Work order
Having found the line containing "Human figure CAD" in the records below, copy that line and each later one exactly, dropping pictures.

Data for analysis
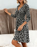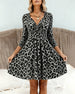 SPECIFICATIONS Style: Casual Material: Cotton Blends Dress Type: A-Line Dress Length: Knee Length Neckline: V neck_V Pattern Type: Leopard Sleeve Type: Regular sleeve Sleeve Length: Long Sleeve Details: Shirred Fit Type: Regular Season: Fall,Winter Occasion: Daily Package Includes: 1 x Dress SIZE TABLE Size Bust Length CM INCH CM I...
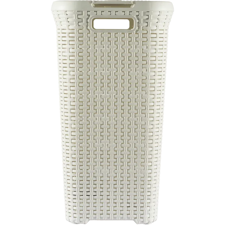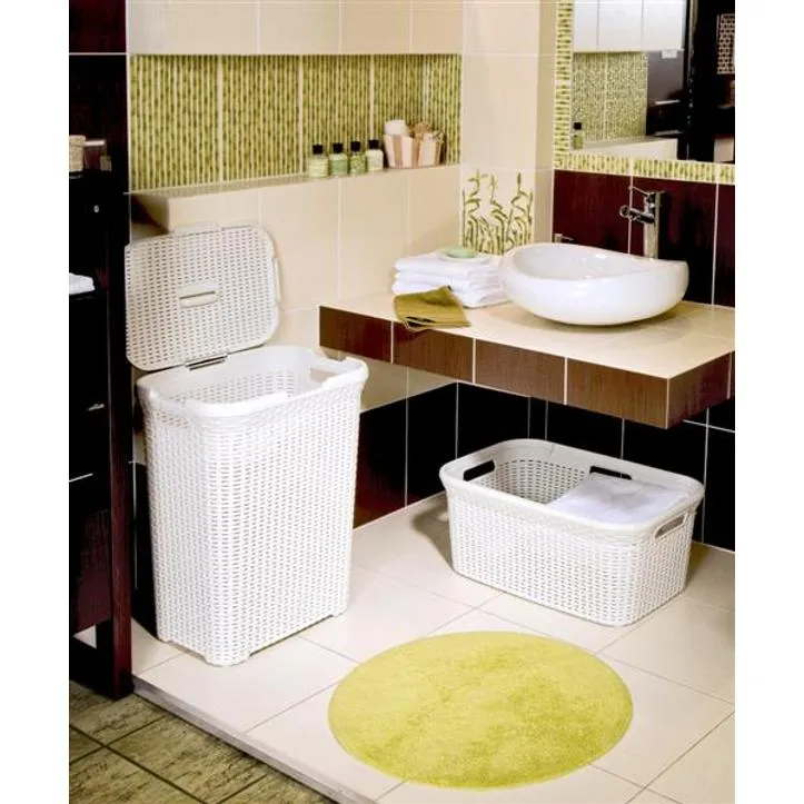 Ez az elegáns, 60 literes kapacitású szennyestartó nagy, könnyen hozzáférhető fedővel rendelkezik, ideális a család összes ruhájának tárolására és elrejtésére. A fedő kétféleképpen nyitható, ami lehetővé teszi, hogy a kosár tökéletesen alkalmazkodjon bármely helyiség elrendezéséhez. A szennyestartó rattan hatású dizájna nemcsak tartós, minimális karbantartást igénylő és könnyen tisztítható, hanem jó szellőzést is biztosít. Ez a kosár nemcsak szép, hanem fenntartható is, mivel legalább 70%-ban újrahasznosított anyagból készült.
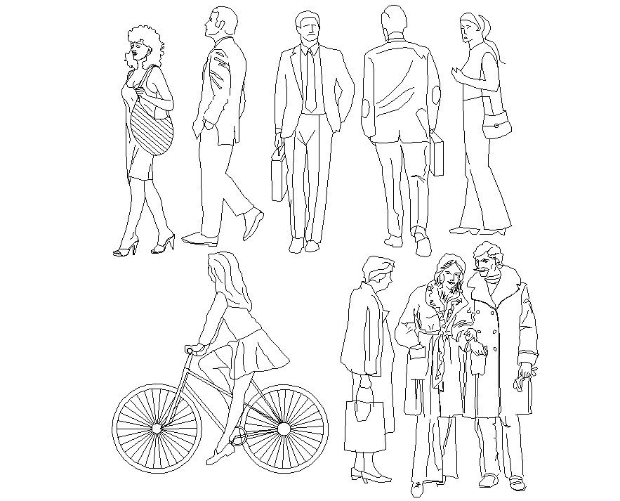 Human figure CAD drawing that shows the line drawing of male female people CAD blocks.
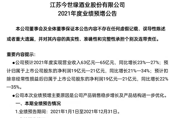 1月10日,今世緣酒業(yè)發(fā)布2021年度業(yè)績(jì)預增公告。預計2021年度實(shí)現營(yíng)收63億元-65億元,同比增長(cháng)23%-27%;預計歸屬于上市公司股東的凈利潤19億元-21億元,同比增長(cháng)21%-34%;預計扣除非經(jīng)常性損益后歸屬于上市公司股東的凈利潤19億元-21億元,同比增長(cháng)22%-35%。
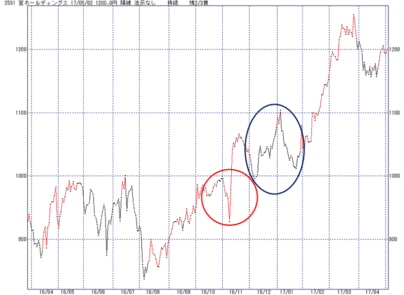 2017年2月に、高値からズルッと下げたところで陰転した(2)

Your response
 Human figure CAD drawing that shows the line drawing of male female people CAD blocks.
 1月10日,今世緣酒業(yè)發(fā)布2021年度業(yè)績(jì)預增公告。預計2021年度實(shí)現營(yíng)收63億元-65億元,同比增長(cháng)23%-27%;預計歸屬于上市公司股東的凈利潤19億元-21億元,同比增長(cháng)21%-34%;預計扣除非經(jīng)常性損益后歸屬于上市公司股東的凈利潤19億元-21億元,同比增長(cháng)22%-35%。
 2017年2月に、高値からズルッと下げたところで陰転した(2)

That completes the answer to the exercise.